:: GIVEN DATA ::
-- -- --

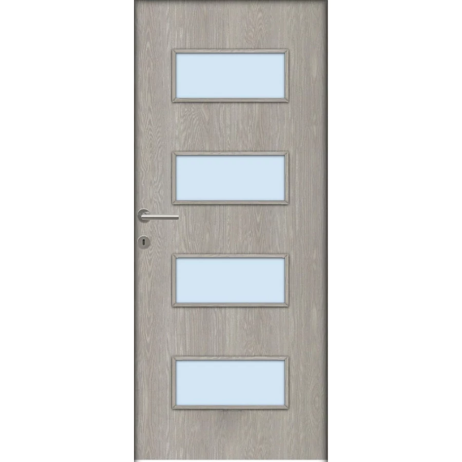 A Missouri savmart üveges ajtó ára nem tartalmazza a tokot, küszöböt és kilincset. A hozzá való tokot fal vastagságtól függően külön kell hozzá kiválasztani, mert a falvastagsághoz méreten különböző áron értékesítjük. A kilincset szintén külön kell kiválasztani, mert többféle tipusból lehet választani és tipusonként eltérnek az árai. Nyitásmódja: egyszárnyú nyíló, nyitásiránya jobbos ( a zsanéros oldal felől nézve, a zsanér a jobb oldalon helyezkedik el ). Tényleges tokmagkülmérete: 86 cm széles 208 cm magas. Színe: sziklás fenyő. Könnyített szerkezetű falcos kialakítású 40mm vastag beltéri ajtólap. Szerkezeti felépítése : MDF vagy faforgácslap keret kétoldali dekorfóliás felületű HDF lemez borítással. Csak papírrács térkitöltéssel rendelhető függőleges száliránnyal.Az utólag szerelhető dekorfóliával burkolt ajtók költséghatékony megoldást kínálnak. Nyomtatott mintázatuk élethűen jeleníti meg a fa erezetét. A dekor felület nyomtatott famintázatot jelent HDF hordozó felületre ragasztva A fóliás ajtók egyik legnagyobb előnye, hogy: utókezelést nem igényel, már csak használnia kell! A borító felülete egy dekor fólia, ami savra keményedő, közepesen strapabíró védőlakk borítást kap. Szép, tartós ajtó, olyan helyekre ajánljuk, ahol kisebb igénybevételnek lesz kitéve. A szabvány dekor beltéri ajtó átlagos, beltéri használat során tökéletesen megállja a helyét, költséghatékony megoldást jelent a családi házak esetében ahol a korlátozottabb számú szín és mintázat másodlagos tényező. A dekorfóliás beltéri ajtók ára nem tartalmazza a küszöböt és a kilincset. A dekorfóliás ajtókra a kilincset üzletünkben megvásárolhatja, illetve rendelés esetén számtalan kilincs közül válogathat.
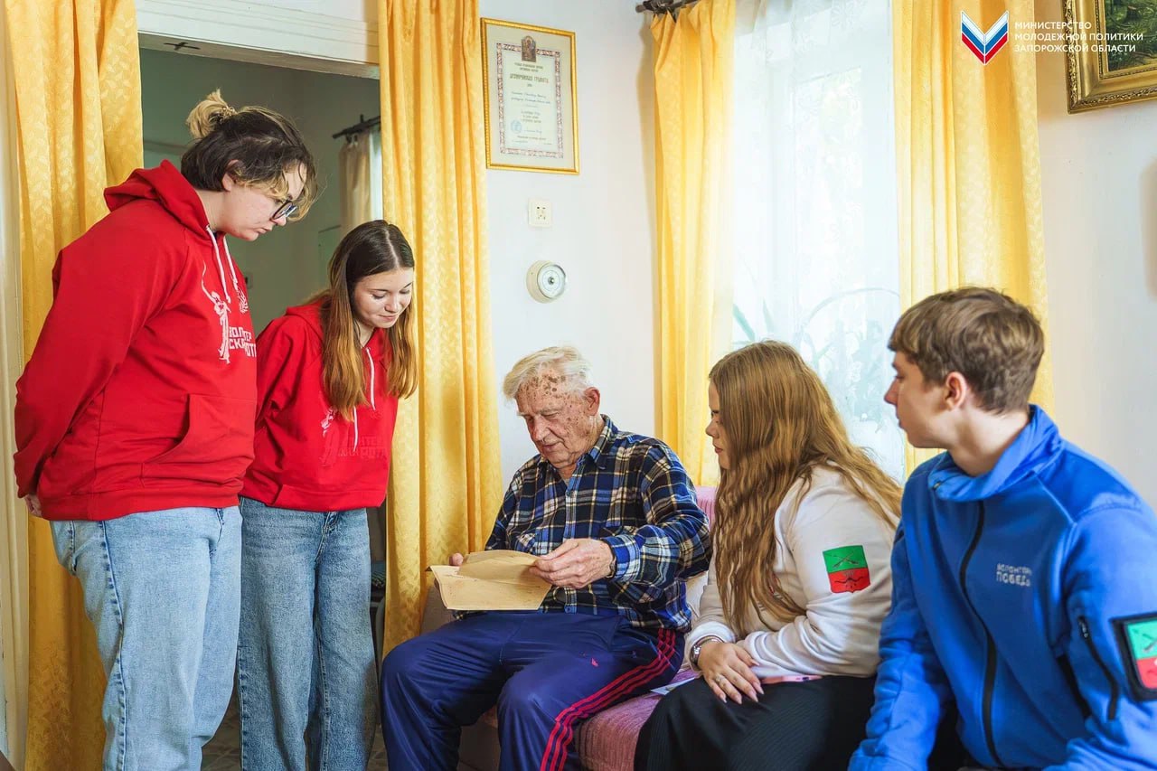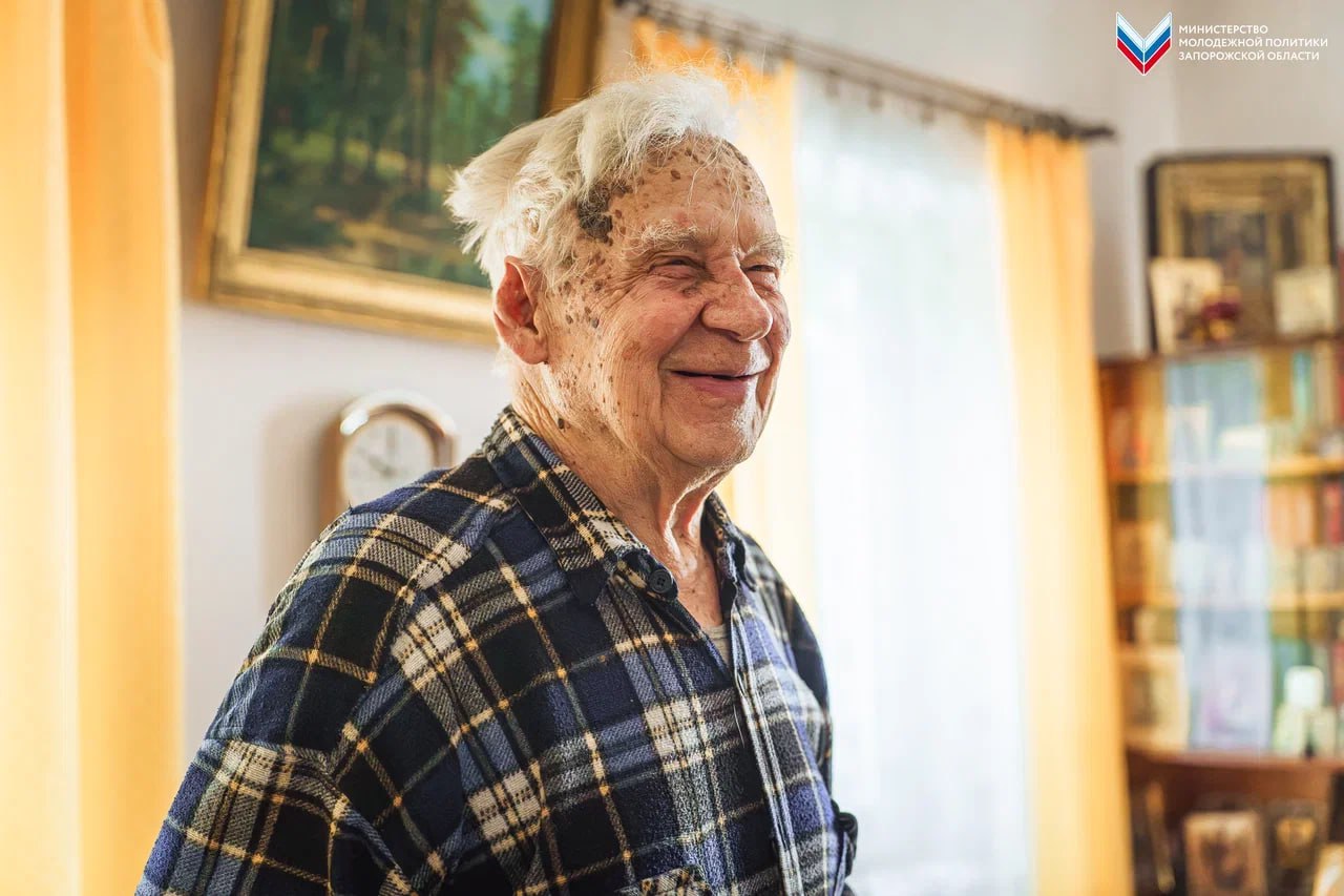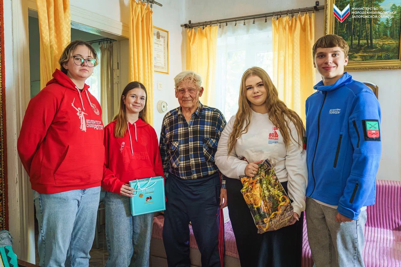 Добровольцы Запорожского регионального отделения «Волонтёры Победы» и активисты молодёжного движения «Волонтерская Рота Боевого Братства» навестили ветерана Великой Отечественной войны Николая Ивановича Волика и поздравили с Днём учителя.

-- -- --

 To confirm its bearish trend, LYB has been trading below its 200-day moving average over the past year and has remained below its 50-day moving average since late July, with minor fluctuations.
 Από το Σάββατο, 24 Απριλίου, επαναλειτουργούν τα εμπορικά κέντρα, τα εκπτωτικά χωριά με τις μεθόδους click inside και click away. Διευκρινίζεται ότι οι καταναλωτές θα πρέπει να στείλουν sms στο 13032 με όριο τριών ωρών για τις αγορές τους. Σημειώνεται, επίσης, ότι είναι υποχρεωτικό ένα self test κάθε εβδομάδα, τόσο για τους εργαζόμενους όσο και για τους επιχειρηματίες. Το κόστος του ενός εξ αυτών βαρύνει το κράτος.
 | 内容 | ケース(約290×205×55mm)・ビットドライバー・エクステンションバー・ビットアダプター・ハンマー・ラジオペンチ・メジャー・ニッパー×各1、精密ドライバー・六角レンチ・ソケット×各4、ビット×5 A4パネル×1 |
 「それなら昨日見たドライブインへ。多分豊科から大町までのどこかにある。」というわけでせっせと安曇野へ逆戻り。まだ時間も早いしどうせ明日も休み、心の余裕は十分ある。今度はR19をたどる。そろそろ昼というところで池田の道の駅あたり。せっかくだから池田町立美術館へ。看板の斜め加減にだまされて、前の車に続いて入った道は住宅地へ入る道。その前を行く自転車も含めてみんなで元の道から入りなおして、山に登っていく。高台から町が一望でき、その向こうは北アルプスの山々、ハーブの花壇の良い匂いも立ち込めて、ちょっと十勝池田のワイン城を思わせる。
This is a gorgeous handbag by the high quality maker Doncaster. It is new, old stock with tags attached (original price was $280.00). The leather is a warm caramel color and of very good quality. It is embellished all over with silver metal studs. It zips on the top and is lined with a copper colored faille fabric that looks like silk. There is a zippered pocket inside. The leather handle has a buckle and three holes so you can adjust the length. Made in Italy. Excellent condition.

-- -- --

Filter the lines above, keeping each one that contains the string "over".

 To confirm its bearish trend, LYB has been trading below its 200-day moving average over the past year and has remained below its 50-day moving average since late July, with minor fluctuations.
This is a gorgeous handbag by the high quality maker Doncaster. It is new, old stock with tags attached (original price was $280.00). The leather is a warm caramel color and of very good quality. It is embellished all over with silver metal studs. It zips on the top and is lined with a copper colored faille fabric that looks like silk. There is a zippered pocket inside. The leather handle has a buckle and three holes so you can adjust the length. Made in Italy. Excellent condition.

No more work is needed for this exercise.